The marriages are lavish. Tiruttakkatevar describes the weddings with the density of a man who loves silk, gold, flower garlands, and the specific sound of ankle bells on a stone floor. The feasts go on for days. The bedchambers are perfumed. The reader is meant to understand that Civakan is living the fullest possible human life - every pleasure available, every appetite satisfied, every art practiced, every relationship consummated. He is not denying himself anything. He is the ideal Tamil hero in the akam sense: accomplished in love, generous in wealth, surrounded by beauty.

But eight marriages also means eight domestic worlds, eight sets of jealousies, eight women whose needs pull against each other. Tiruttakkatevar does not hide this. The household is magnificent and fractured. Civakan holds it together through charisma and attentiveness, but the attentiveness itself becomes a kind of labor.

The Kingdom Reclaimed

Civakan’s royal blood does not stay hidden forever. The truth of his birth surfaces - his mother’s flight, his father’s murder, the usurper Kattiyankaran sitting on a throne that was never his. Civakan rides to Maturai. The battle for the city is told in puram mode, the exterior voice of war poetry: chariots, elephants, the clash of armies on open ground. Kattiyankaran falls. The kingdom returns to its rightful line.

Civakan enters the court his father lost. He governs. He is just. The people prosper. The rains come on time. The granaries fill. Everything a king should be, he is. The sixty-four arts serve him here - he judges disputes with a scholar’s precision, he patronizes poets and musicians, he builds. Maturai under Civakan is the ideal city, and the epic pauses to let the reader sit in it, to feel the satisfaction of justice done and order restored.

The Renunciation

Then Civakan walks away from all of it.

This is where the Civaka Cintamani parts company with most heroic narratives. The hero does not die in battle. He does not grow old on his throne. He does not pass the crown to a son and fade into honored retirement. He looks at the kingdom, the wives, the arts, the wealth, the justice he has built - and he sees that none of it holds. Every pleasure is temporary. Every accomplishment decays. The body ages. The mind clouds. Even the perfect life is a cage if you mistake it for something permanent.

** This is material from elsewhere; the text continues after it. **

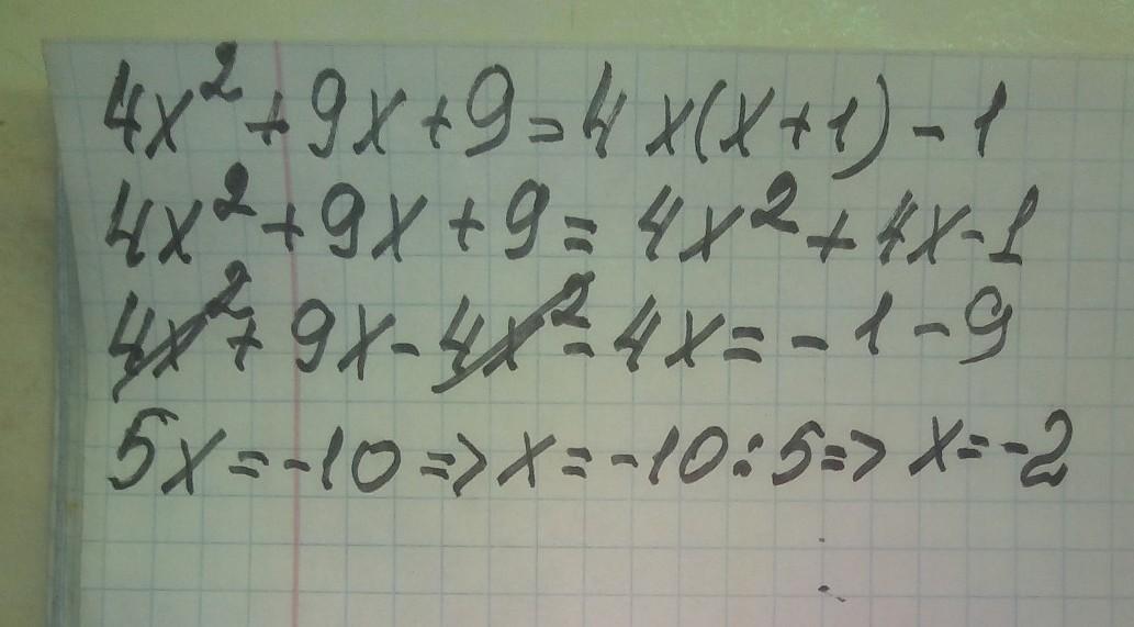 4x2+9x+9=4x(x+1) -1 помогите решить уравнение... Пожалуйста

Civakan becomes a Jain monk. He sheds his royal garments. He takes up the ascetic’s life - no possessions, no attachments, no crown. The eight wives, the reconquered kingdom, the sixty-four mastered arts - all of it released, like a man opening his hands and letting sand run through.

Tiruttakkatevar was himself a Jain, and the Civaka Cintamani is, beneath its gorgeous surface, a Jain argument. The first nine-tenths of the epic exist to make the renunciation costly. If Civakan had nothing, his walking away would mean nothing. The epic spends thousands of verses building the most desirable life imaginable precisely so that the audience understands what is being abandoned. The renunciation is not the rejection of a failed life. It is the rejection of a triumphant one.

The Empty Throne

Maturai stands. The wives remain. The kingdom does not collapse. But the man who held it all together is gone, walking barefoot on a forest road with nothing but a begging bowl and the knowledge that the sixty-four arts, the eight marriages, the war and the governance and the music - all of it was preparation for the only skill that matters, which is the skill of letting go.

The Civaka Cintamani’s verse form, the viruttam, became one of the dominant meters in Tamil poetry for centuries after. Tiruttakkatevar’s technical achievement outlasted the Jain community that produced it. But the story’s shape - the hero who masters everything and then surrenders everything - settled into Tamil literary memory as a permanent possibility, the road a life can take when perfection is not enough.